Greg Aker

Bust 'yo cache!

Filed in: Blobbing, web-dev

August 31, 2011

If you're using a CDN such as the one we have setup at EngineHosting, it is possible that your cache will get "stale" since the nodes will hold on to your static assets for as long as the expires headers you send tell them to. There are a couple of different methods we can employ to ensure when you push a new build of your site, the CDN will always come back to your origin servers and get the right versions of files.

I've been over this before, but a real key to success here is managing your static assets in a sane manner. I wholeheartedly recommend keeping everything in a single static or assets directory. The name doesn't matter, just consolidate!

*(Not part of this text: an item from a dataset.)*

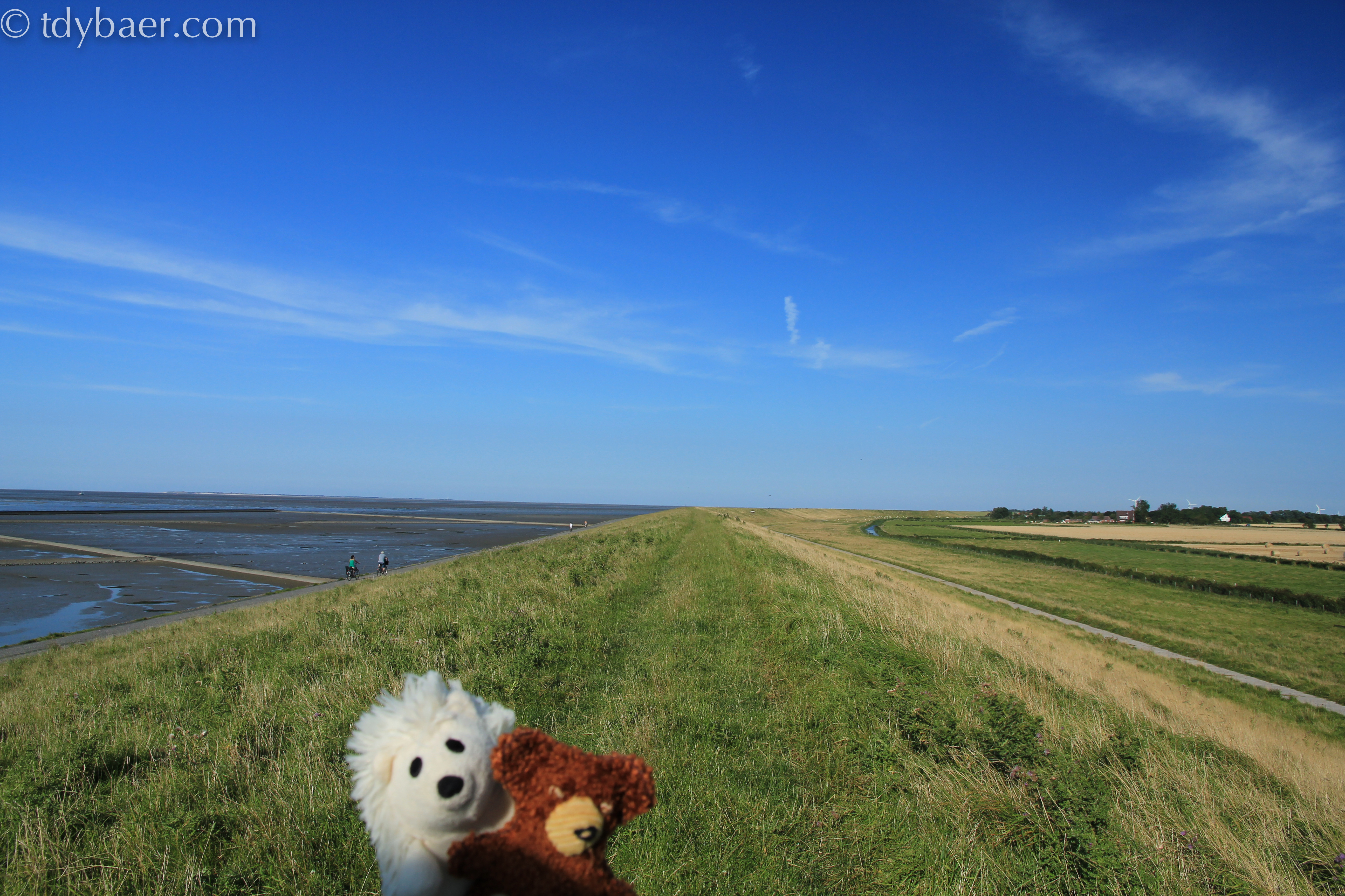 Da wir ja den halben Tag im Auto saßen, hieß es nun Tatzen und Pfoten vertreten. Also ab ans Meer für einen Spaziergang entlang des Deiches.

For purposes of this example, we're going to assume your static assets are being served from http://static.example.com/, the 'origin' is http://static-origin.example.com/, and the static directory is sitting at /var/www/public_html/static/.

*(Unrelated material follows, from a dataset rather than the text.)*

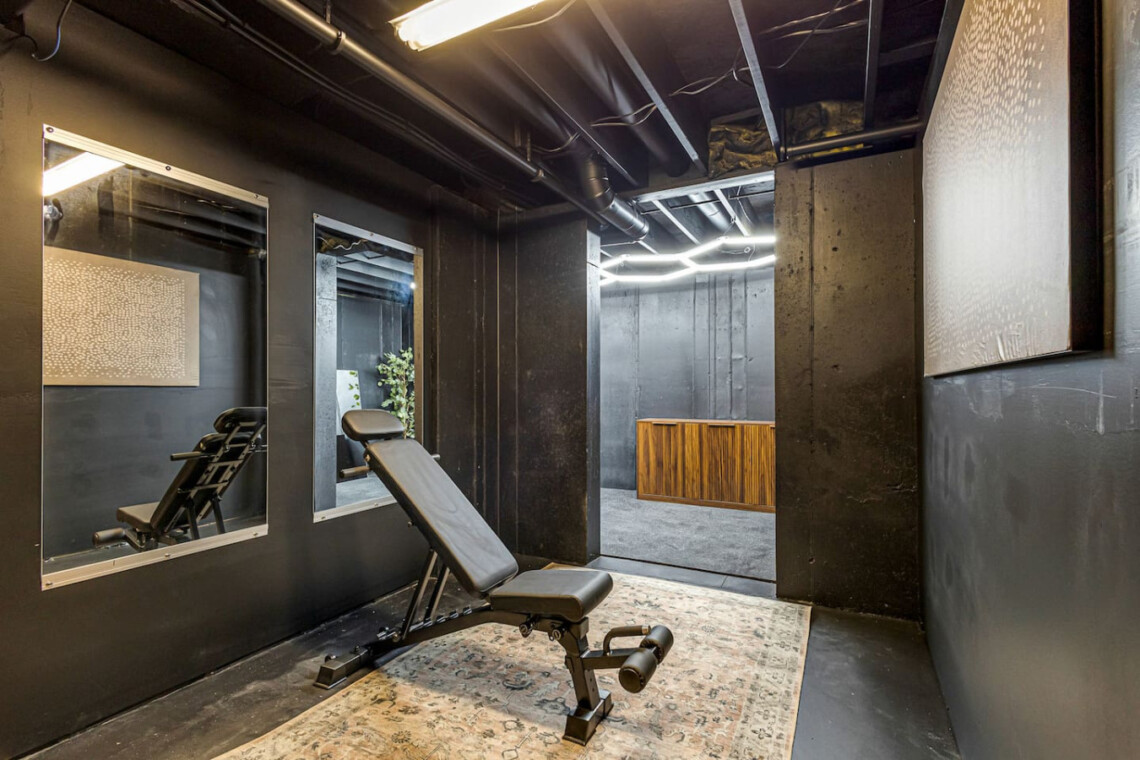 🏋️ Dedicated workout room with bench, weights, yoga mats & more

You always need to be sending caching headers, otherwise using a CDN like this is completely worthless, as the distributed nodes will always ask the origin server for the file. In your /var/www/public_html/static/ directory, drop in a .htaccess file with the following:

<IfModule mod_expires.c>
    ExpiresActive On
    ExpiresByType text/html "access plus 1 second"
    ExpiresByType text/css "access plus 1 month"
    ExpiresByType image/gif "access plus 1 month"
    ExpiresByType image/png "access plus 1 month"
    ExpiresByType image/jpg "access plus 1 month"
    ExpiresByType image/jpeg "access plus 1 month"
    ExpiresByType text/javascript "access plus 1 month"
    ExpiresByType application/pdf "access plus 1 month"
    ExpiresByType application/x-download "access plus 1 month"
    ExpiresByType application/x-javascript "access plus 1 month"
    ExpiresByType application/x-shockwave-flash "access plus 1 month"
</IfModule>

Blindly copying and pasting is a bad idea, so let's discuss what this does. We're setting 1 second expires headers on html documents, but for CSS, Javascript, Images, etc, we set 1 month. #knowingishalfthebattle

If we're updating our CSS or Javascript often (doing it live), this will pose issues for some of your sites visitors. Remember this is because these files will already be cached on the CDN nodes.

Solution

We can do a little trickery in the .htaccess file to ensure users will always get the latest...check it out.

# Expires stuff from above is here.

RewriteEngine on
RewriteRule ^(.*\.)v[0-9.]+\.(css|js|jpg|png|pdf)$  /$1$2   [QSA,L]

This takes everything that contains .v and removes it on the back end. This is only going to happen when the CDN is trying to get the latest version of the file.

For instance, if you have a file that is http://static.example.com/css/main.css you write it as: http://static.example.com/css/main.v2011083100.css. When you bump the number when pushing a new build, the CDN will get the latest version of your file. It's a personal preference, but I prefer a timestamp in the form of: yyyymmddnn, so I can increment 99 times in a day if I'm screwing things up that badly.

If you're running Nginx, the rewrite might look like:

location /images {
    proxy_redirect off;
    rewrite ^(.*\.)v[0-9.]+\.(png|jpg|jpeg|gif)$  /$1$2 last;
    expires max;
}

In a web-application such as ExpressionEngine, you can add a custom template variable to your index.php file. Look for the $assign_to_config section, and add something like:

<?php

$assign_to_config['assets_timestamp'] = '2011083100';

Then in your template, you'd reference images like:

<link rel="stylesheet" href="http://static.example.com/css/main.v{assets_timestamp}.css" type="text/css" media="screen">

and you're good to go.

In Django or Tornado, you can add this to your application settings, although abstracting it a bit more might make it look nicer. I don't have a clue how you'd do this in WordPress, as I haven't looked at that application in 3-4 years. if someone who deals with that can comment below and I'll drop it in here.

I find this is one of the hardest transitions for a developer to make as they start working on their first busy site. Sorry but you have a busy site, you're lucky. Deal with it. :)